- [WHAT YOU WILL DO]
Skip the pictures and copy all the data that follows exactly.

- [INFORMATION PROVIDED]
== Segment start ==
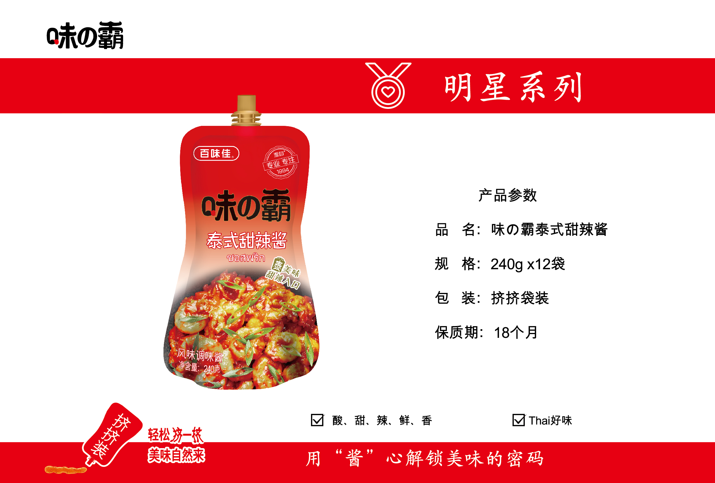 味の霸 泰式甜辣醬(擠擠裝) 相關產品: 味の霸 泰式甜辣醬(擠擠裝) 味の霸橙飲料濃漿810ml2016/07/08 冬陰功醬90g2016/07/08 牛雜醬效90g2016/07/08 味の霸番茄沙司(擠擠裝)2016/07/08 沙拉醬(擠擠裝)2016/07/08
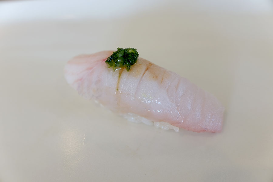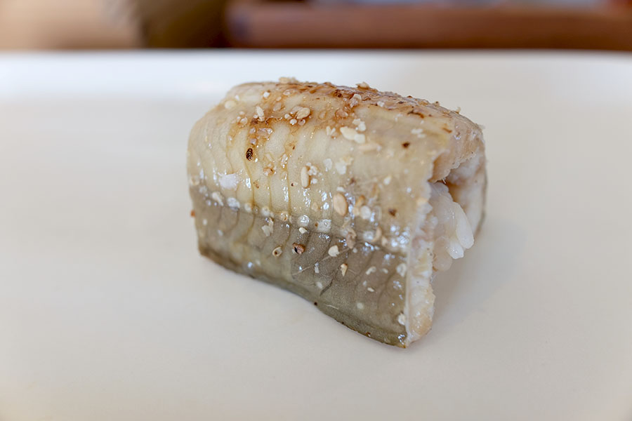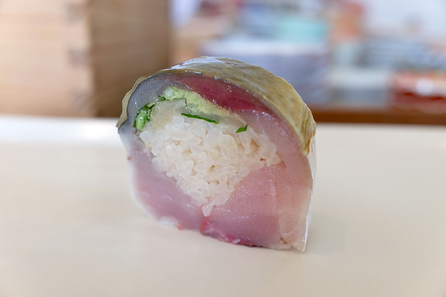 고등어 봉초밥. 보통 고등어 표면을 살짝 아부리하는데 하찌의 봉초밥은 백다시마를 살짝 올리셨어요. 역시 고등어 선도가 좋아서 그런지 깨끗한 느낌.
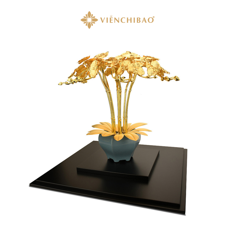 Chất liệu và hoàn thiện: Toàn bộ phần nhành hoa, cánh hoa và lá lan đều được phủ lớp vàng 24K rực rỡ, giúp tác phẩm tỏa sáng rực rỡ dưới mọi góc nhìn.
== Segment end ==
- [THE ANSWER]
 味の霸 泰式甜辣醬(擠擠裝) 相關產品: 味の霸 泰式甜辣醬(擠擠裝) 味の霸橙飲料濃漿810ml2016/07/08 冬陰功醬90g2016/07/08 牛雜醬效90g2016/07/08 味の霸番茄沙司(擠擠裝)2016/07/08 沙拉醬(擠擠裝)2016/07/08
 고등어 봉초밥. 보통 고등어 표면을 살짝 아부리하는데 하찌의 봉초밥은 백다시마를 살짝 올리셨어요. 역시 고등어 선도가 좋아서 그런지 깨끗한 느낌.
 Chất liệu và hoàn thiện: Toàn bộ phần nhành hoa, cánh hoa và lá lan đều được phủ lớp vàng 24K rực rỡ, giúp tác phẩm tỏa sáng rực rỡ dưới mọi góc nhìn.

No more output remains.